A local dietitian took an in-depth look at some of the newest diet-trends among women at Greenwich Hospital on Wednesday. 

As a registered dietitian at Greenwich Hospital, who has worked in the field for about 13 years Erica Christ, says it's important for women to personalize their diet plan directly to their needs.  

"There's so much information out there," said Christ. "Its hard to decipher what's true, what's not, what works, and really personalizing a plan with a registered dietitian is the healthiest thing to do."  

"If I'm going to choose an animal product, that I would be sure it's organic," said Nancy Duffy. 

"When I do eat animal protein," said Greenwich Resident Dale Troy. "I often find things at stores or prepared foods and it's clearly not organic and I may think twice about doing that."  

She says contrary to public concern, she has not seen an increase in any type of bacterial infection from people eating organic fruits and vegetables versus those treated with pesticides. She also tells us menopause and weight changes are the most common concern among women trying to maintain a balance diet. 

"Their struggle with losing weight," said Christ. "Losing body fat and maintaining their muscle mass, while people who've exercised and have eaten healthy for years and all of a sudden going through menopause throws their body out of whack and their weight changes because of it and their challenge is with weight maintenance change as well."

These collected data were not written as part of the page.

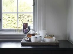 Alfabetkrusene er inspireret af Royal Copenhagens Musselmalet Riflet stel, som er det først stel og er helt tilbage fra 1775. Du kan genkende den klassiske form på højhankskoppen fra 1884.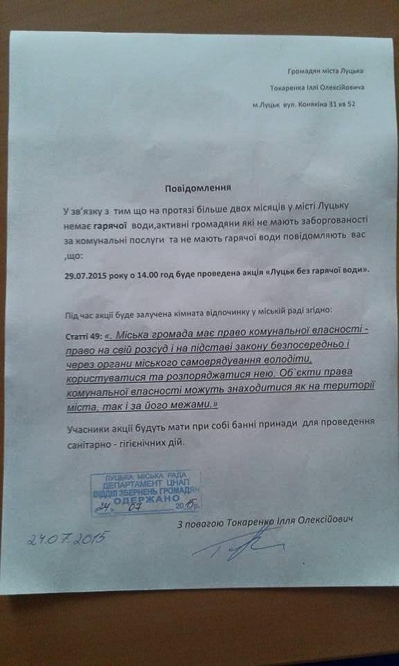 «У зв'язку з тим, що більше ніж два місяці в Луцьку немає гарячої води, активні громадяни, які не мають заборгованості за комунальні послуги та не мають гарячої води, повідомляють вас, що 29.07.2015 о 14:00 буде проведено акцію «Луцьк без гарячої води». Під час акції буде залучено кімнату відпочинку в міській раді», – сказано в повідомленні.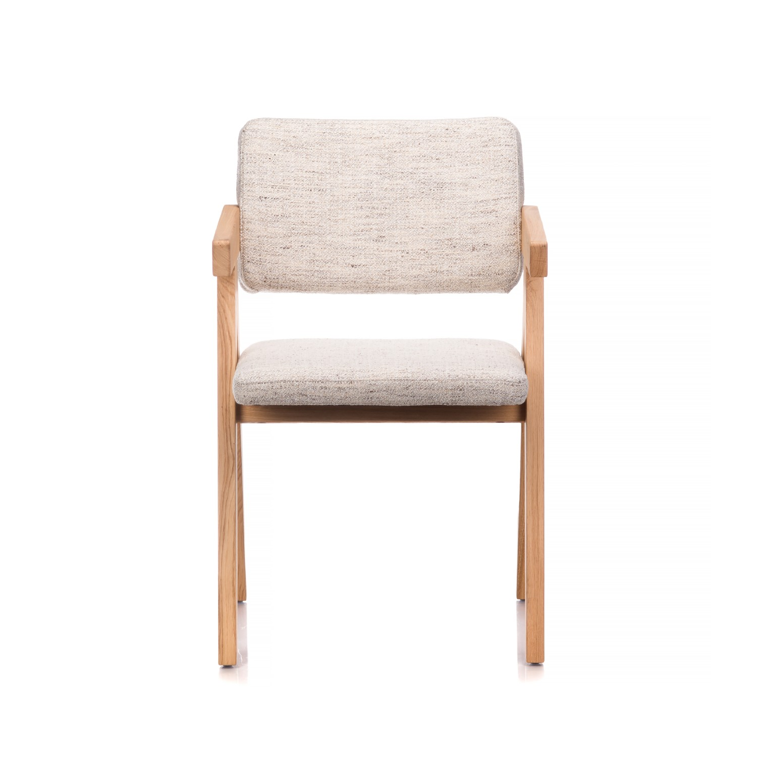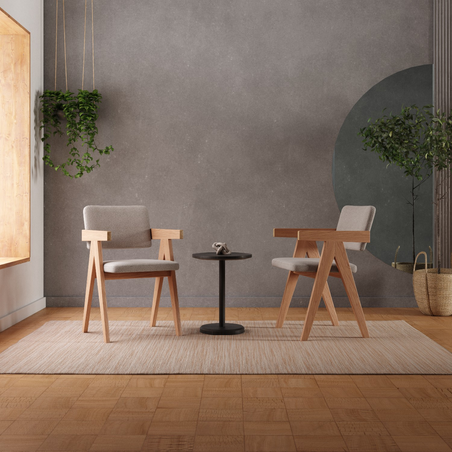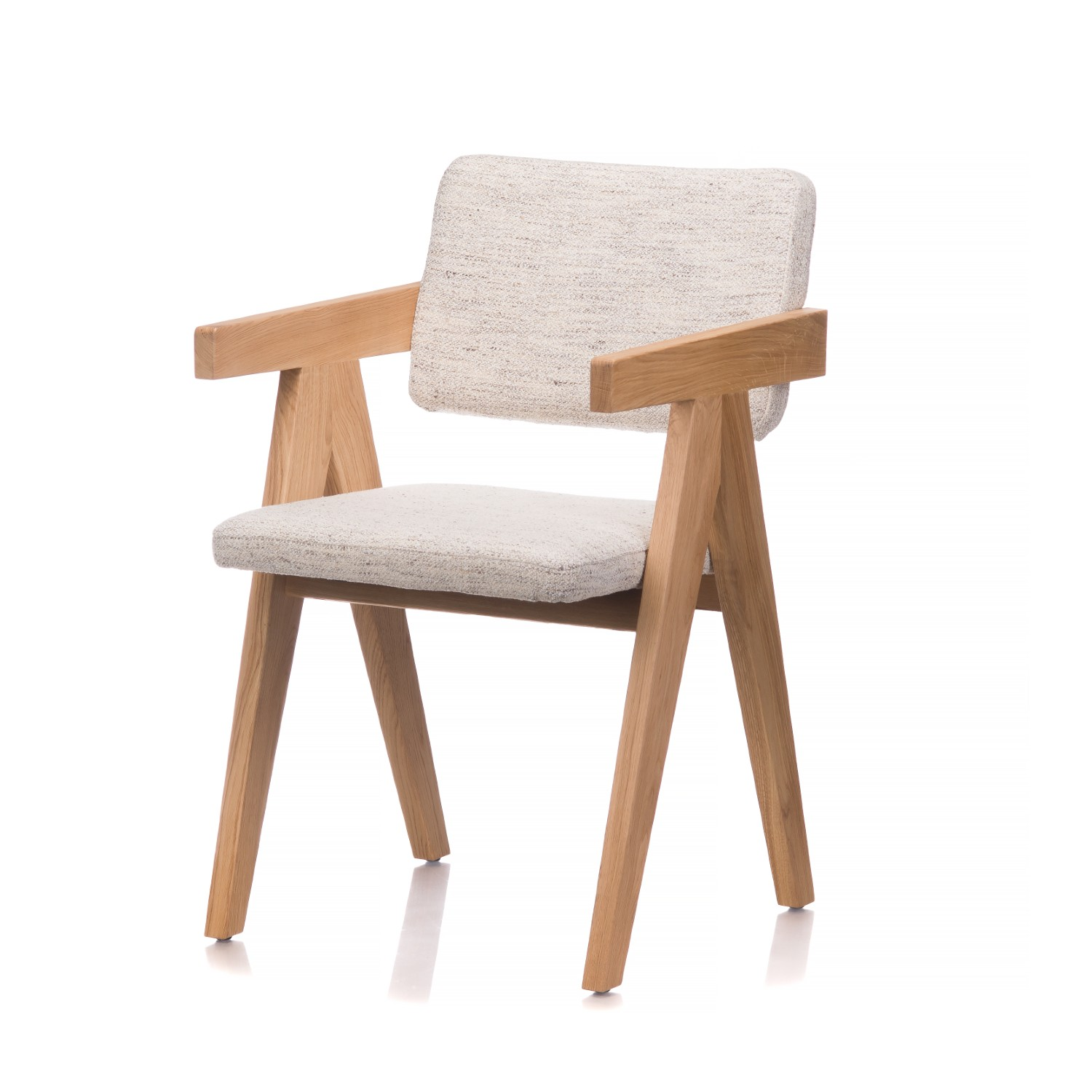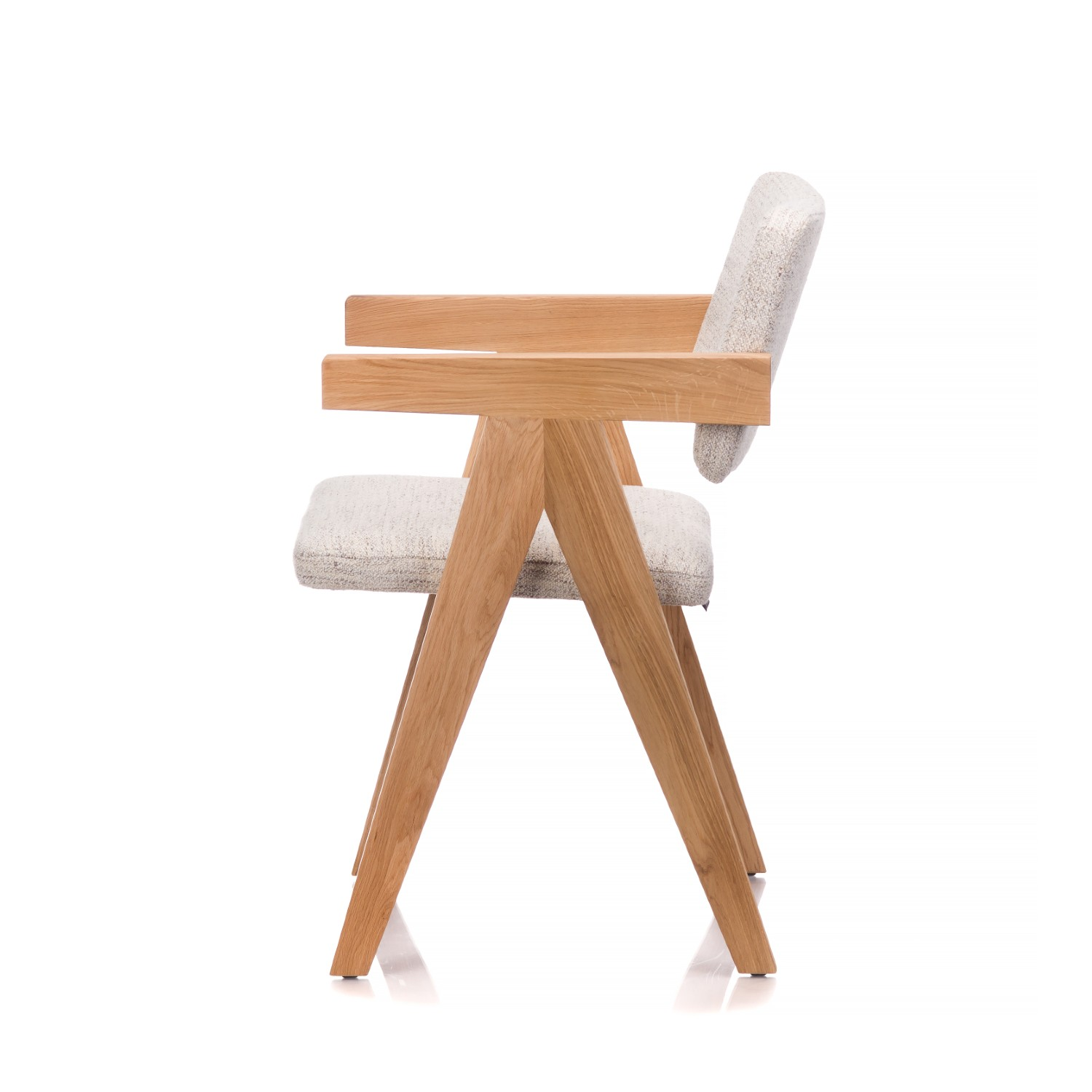 Scaunul dining tapițat cu brațe bej/stejar natur Teramo este realizat dintr-o combinație de lemn și material textil. Structura picioarelor și brațelor este din lemn masiv, cu un design geometric care oferă stabilitate și un aspect contemporan. Șezutul și spătarul tapițate cu material textil de culoare bej, oferă confort și un aspect elegant. Scaunul tapițat cu brațe bej/stejar natur Teramo are un stil minimalist și modern, cu linii simple, dar cu un detaliu interesant – brațele și picioarele formează o structură în unghi, ceea ce îi conferă un aer sofisticat. Acest obiect de mobilier este potrivit pentru living, dining, birou sau spații comerciale (restaurante, cafenele). Scaunul tapițat cu brațe bej/stejar natur Teramo este un scaun ce îmbină funcționalitatea cu estetica modernă, fiind atât confortabil, cât și decorativ.

Christ tells us many women on strict juicing diets can potentially struggle will certain illnesses, especially if they lack essential proteins. She says one of the body's defense mechanisms can be found simply in chewing fruits and vegetables rather then blending them.  

"Your body starts the digestion process and in that process in that beginning part of digestion," said Christ. "Certain disease fighting properties are release from certain plant foods so when you eliminate the chewing from the intake of fruits and vegetables, you're eliminating that opportunity to release different phytochemicals or disease fighting properties from those foods."